Good luck in your search for a new dog, and welcome to the forum.


----------



## Merlins mom (Jun 20, 2007)

There is another member here looking to find a home for a younger pup.....here's the thread.... http://www.goldenretrieverforum.com/showthread.php?t=30531

They are also in TN! Not sure if this pup is the right age though. Last I checked this pup was still available.


----------



## Gold Elyse (Jan 6, 2008)

I am very sorry for your lost. There are breeders on this forum that may be able to help you. Welcome and good luck searching for a new pup!


----------



## ID_Hannah (Jun 8, 2006)

Hi & Welcome to the forum. I'm sorry to hear about the loss of your golden. 

Here's a rescue right in Knoxville. It looks like they have a lot of goldens available right now. 

http://www.tvgrr.com/

You could also do a search on petfinder for your zip code area. I did a quick Knoxville search on Petfinder... 

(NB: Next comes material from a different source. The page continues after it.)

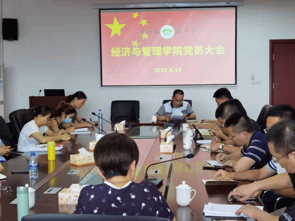 经管院党委于6月15日下午4点在厚619会议室召开院教工党员大会。会上,党委书记蔡立雄首先向全体党员传达省委十届十二次会议精神及贯彻意见,蔡书记强调,党员教师一定要发挥党员先锋模范作用,做好毕业生就业指导、课程体系建设与师资队伍建设等工作。接着,院领导就各自分管的工作进行了部署,常务副院长黄可权就融入并服务于新发展格局做了部署,要求全体党员要吃透省委十届十二次全会精神,在服务和融入新发展格局中展现新作为。党委副书记张小玲就毕业生就业工作和建党百年活动与氛围营造进行了部署,副院长郑国诜就招生宣传工作进行了部署,副院长吴盛汉就课程体系与师资队伍建设进行了部署。

Look at this adorable little guy available over in Oak Ridge.  
http://www.petfinder.com/petnote/displaypet.cgi?petid=10297104

Good luck in your search, I hope you let us know how it goes!


----------



## Jackson'sMom (Oct 13, 2007)

Great idea! I had forgotten about the pup in southern Kentucky, just across the TN border.


----------



## sharlin (Feb 26, 2007)

Here's a link to a little golden boy that was posted on RescueCentral

http://www.rescuecentral.info/phpBB2/viewtopic.php?t=419

*ON way to work-no rescues have been contacted yet. 

This is a Golden Retriever at about 6 months old. He is very playful as you can tell from the photo. He rolls over trying to show off. 

No Name 
Animal: Dog 
Breed: Golden Retriever 
Sex: Male 
Age: Young 
Size: Medium 
ID: 08-020084 
From: Robertson County Animal Control More About Me 
My Contact InfoRobertson County Animal Control *Springfield, TN 
*Phone: 615-384-5611 *[email protected]?subject=Petfinder.com Pet Inquiry: PFId#10357412 Id#08-020084 
Attached Images


----------



## BeauShel (May 20, 2007)

Welcome and I am so sorry for your loss of your beloved dog. It is nice that you are looking for another pup and I agree the rescues have some great ones. The right one is out there for you. Good luck and when you feel like it, please share some pictures and stories of your pup that passed on.


----------



## GoldenJoyx'stwo (Feb 25, 2007)

I'm so sorry for your loss. There are many wonderful Goldens out there waiting for you...


----------



## Maggies mom (Jan 6, 2006)

Sorry for you loss...You can check the rescues by your home or go on pet finder and look...there are plenty of them needing homes.


----------